Search Term Agreements Do Not Eliminate Relevancy Review

Searches terms are the beginning of collecting and identifying electronically stored information. Far from perfect, search terms are the kickoff for document review. Yes, email threading, deduplication, clustering, predictive coding, and other forms of technology-assisted review enable lawyers to not plow through ESI like it is a football stadium full of paper, but you have to start somewhere. Search terms often is that starting point. 

What happens when one party argues a producing party should produce all search term hits? The answer is no. Moreover, wishing to get all hits is a formula for madness. 

Consider the case of O’Donnell/Salvatori Inc. v. Microsoft Corp. 339 F.R.D. 275 (W.D.Wash. 2021). The Plaintiffs created original music and audio content for video games. Microsoft hired the Plaintiff as an independent contractor to create the musical themes for the Halo video games. A dispute eventually followed over the royalties for the Halo soundtrack. 

The parties entered a stipulation over identifying responsive ESI with search terms, with the assistance from the Court. Document review followed with four rolling productions. The producing party deemed emails regarding employees leaving the team, technical issues, or buying a boat as not relevant to any of the claims or defenses in the lawsuit. 

The Plaintiff claimed the Defendant had to produce all search hits and was NOT permitted to conduct a relevancy review before producing responsive ESI. 

The Court rejected this argument like many Halo fans rejected the TV show. Citing to precedent, “an agreement to run search terms does not waive the producing party’s right to object based on relevance nor acquiesce to produce all resulting documents.” O’Donnell/Salvatori Inc., at 277, citing FlowRider Surf, Ltd v. Pacific Surf Designs, Inc., 2016 U.S. Dist. LEXIS 153563, at *8 (S.D. Cal. Nov. 3, 2016). Moreover, a search term agreement is “a way to simplify and limit the scope of production, but it did not obligate the parties to produce non-responsive documents,” Id, summarizing BancPass, Inc. v. Highway Toll Admin., LLC, 2016 U.S. Dist. LEXIS 96978, 2016 WL 4031417, at *3 (W.D. Tex. 2016).

The Court held that “a party’s agreement to run search terms does not waive its right to review the resulting documents for relevance so long as the review can be done in a reasonably timely manner.” O’Donnell/Salvatori Inc., at 277. The Court found the production was done in a reasonably timely manner, with a shout out to document review attorneys whose job is to conduct document review. 

Bow Tie Thoughts 

Let’s get this out of the way: I liked the Halo TV show.

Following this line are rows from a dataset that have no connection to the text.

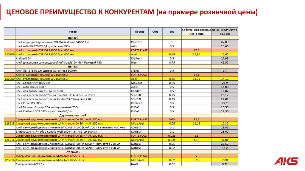 ЦЕНОВОЕ ПРЕИМУЩЕСТВО К КОНКУРЕНТАМ (на примере розничной цены)26.
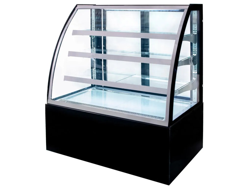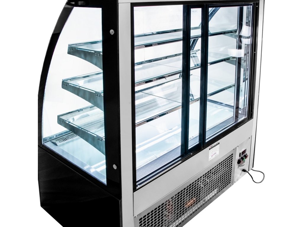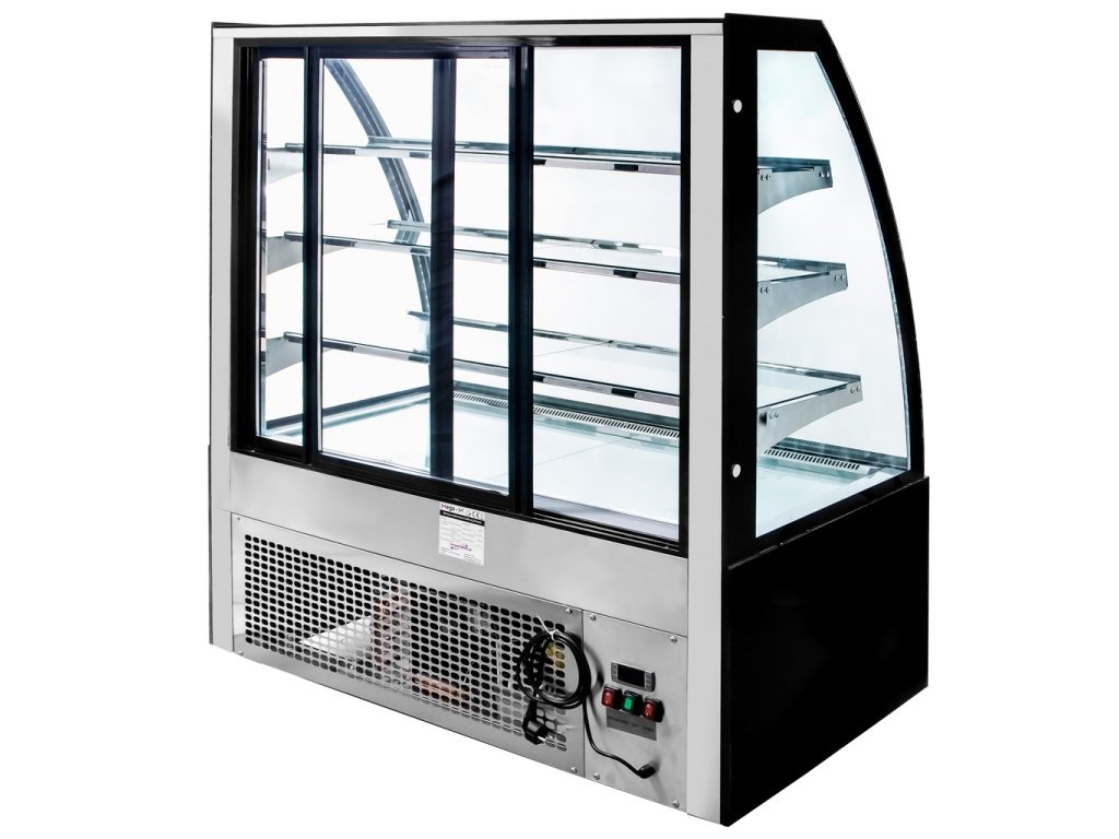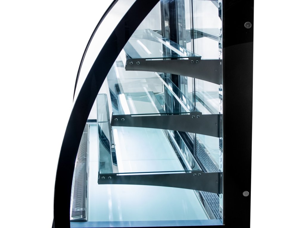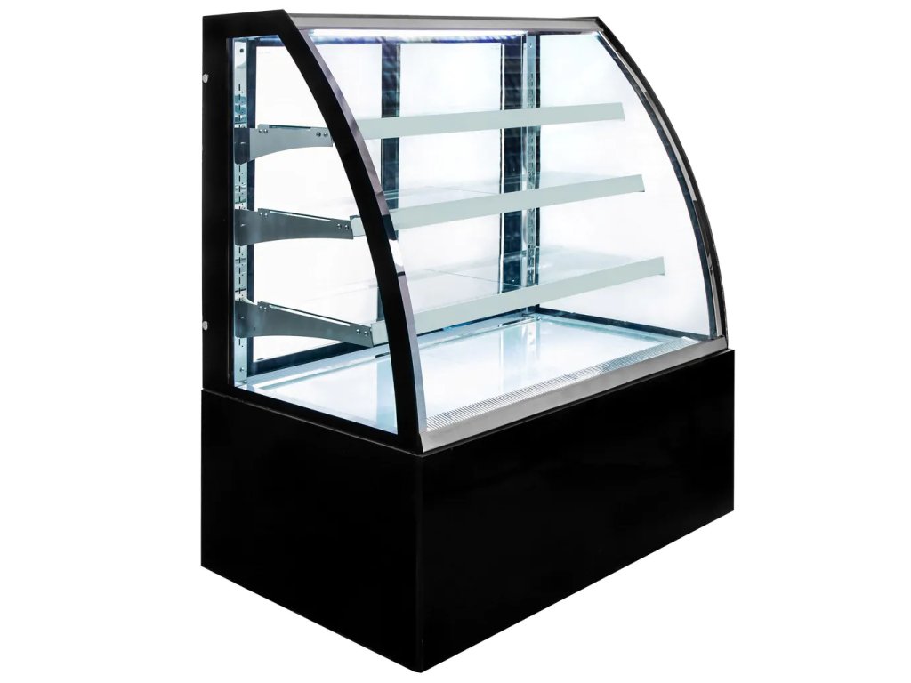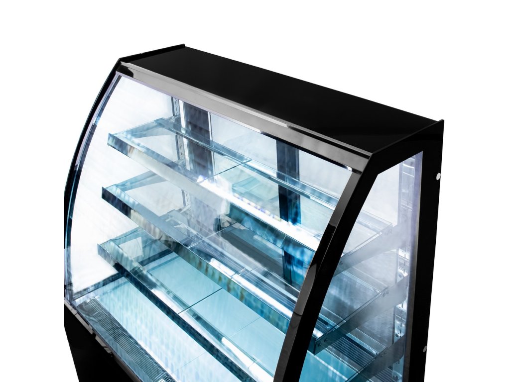 - Cukrářská vitrína s ohýbaným dvojsklem.
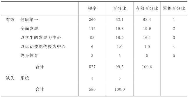③在所有被调查学生中,有6成多的学生认为教师在教学过程中体现的教学理念为健康第一,占比62.1%;其次是全面发展,占比19.9%;再次是以学生的发展为中心,占比16.1%。而认为教师在教学过程中以终身体育为教学理念占比只有0.5%。学生并未在教学过程中体会到教师教学是以学生终身体育习惯的养成为教学目的的,对于学生体育习惯的养成,良好的体育生活方式的具备非常不利,不具备健康体魄的延续性,不具备体育所带来的对个人成长,身体和心理健康的促进性作用,不具备可持续性。

Many of my friends who are gamers love the video game. Many have shown their love for the game by building costumes, such as the armor for the cosplayer in this post, built by my good friend Shawn at Thorsson & Associates. The soundtrack is also haunting beautiful, so litigation over royalties is not a surprise. 

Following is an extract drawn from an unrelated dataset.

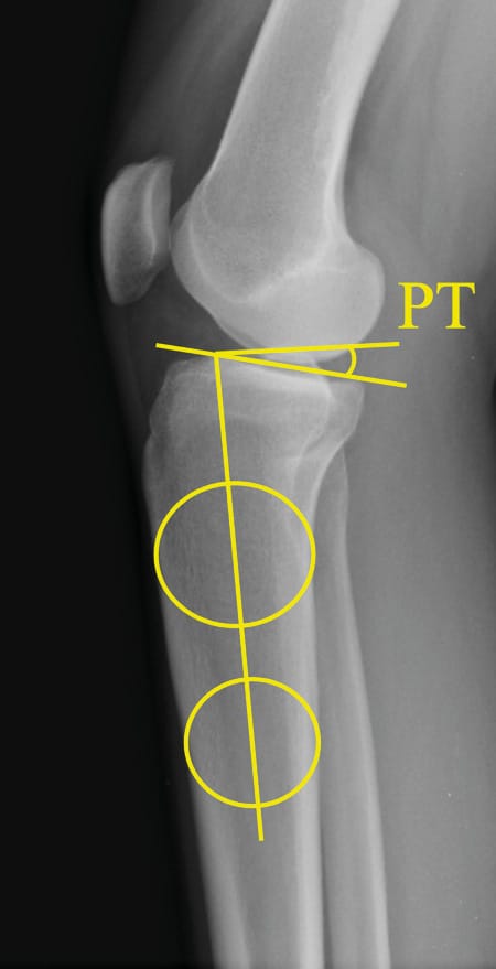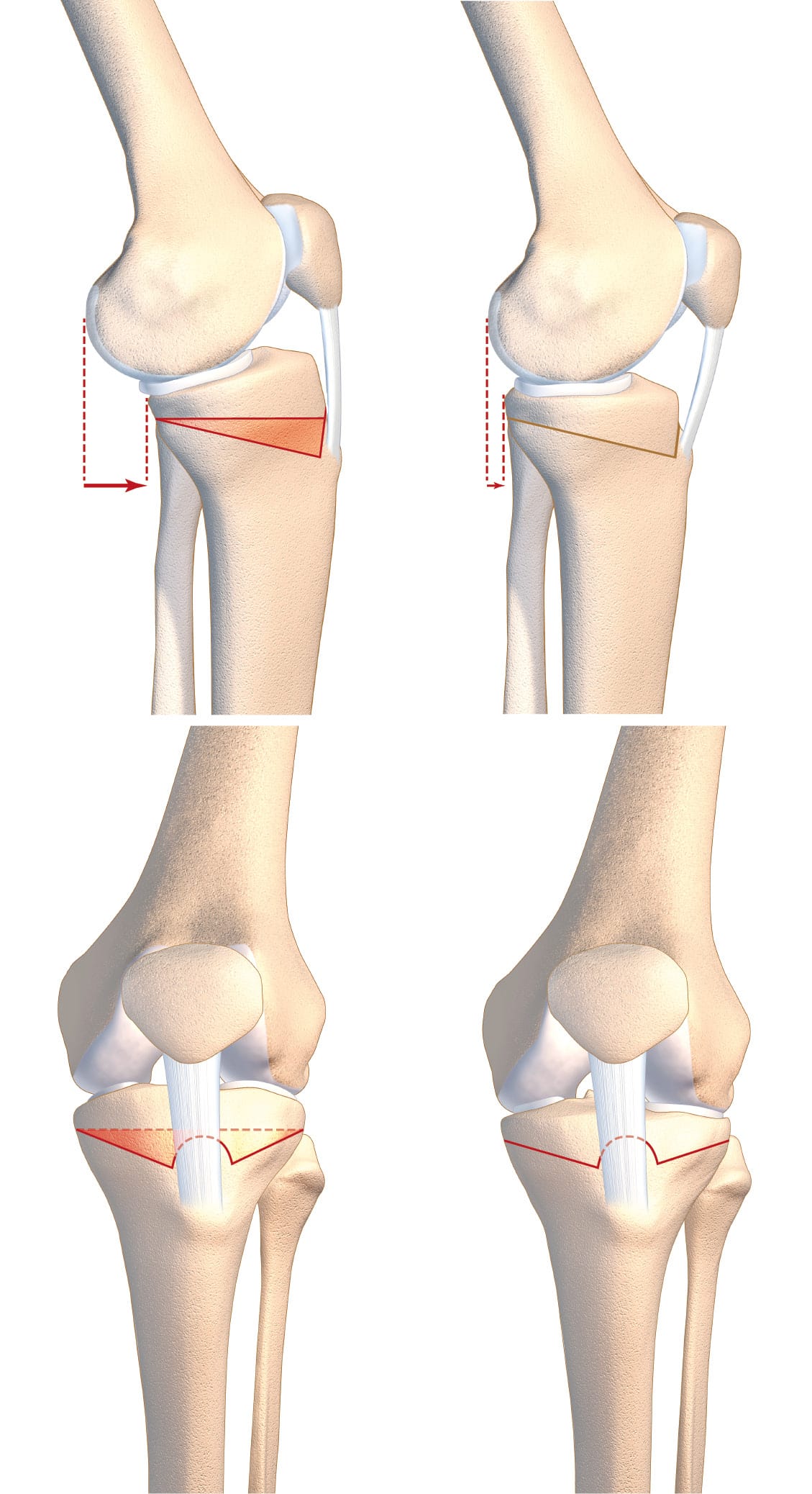 With the improvements in surgical techniques and the reduction in the rates of repeat tear due to issues of technique, other risk factors have come into the foreground. It is not only in humans that tibial slope is relevant, as this assessment is also used in the veterinary field. In fact, medium to large dogs can tear the cranial cruciate ligament (CCL), which is equivalent to the ACL in humans. These animals have a tibial slope of between 20 and 30°. The treatment offered for CCL tear is bone surgery rather than ligament surgery, consisting of a deflexion osteotomy [6] Dan MJ, Wills DJ, Crowley JD, Cance N, Romandini I, Walsh WR, et al. Anterior cruciate ligament zoobiquity: Can man’s best friend tell us we are being too cautious with the implementation of osteotomy to correct posterior tibial slope. Knee surg sports traumatol arthrosc. 2024 May;32(5):1071–6. . The link between tibial slope and CCL tear is clear in dogs and carrying out a single bone procedure delivers stability and decisive functional outcomes.

The idea of producing hits to every search term can drive up the cost of document review for the requesting party with false positive results. That is when a search term appears in ESI, but has nothing to do with the lawsuit. Imagine if one of the search terms was “game.” Microsoft has more than one video game on the market. Such hits would include an insane amount of irrelevant information. Perhaps if the term “game” was in proximity to “Halo” by 10 characters then maybe there is an argument, but then it still could include emails about someone buying a boat that is irrelevant. 

Agreeing to search terms does not eliminate a party’s right to review for relevancy and privilege. Moreover, other technology-assisted review can be used to help expedite review. Sadly, no eDiscovery AI is like Cortana, but she would make document review far more efficient.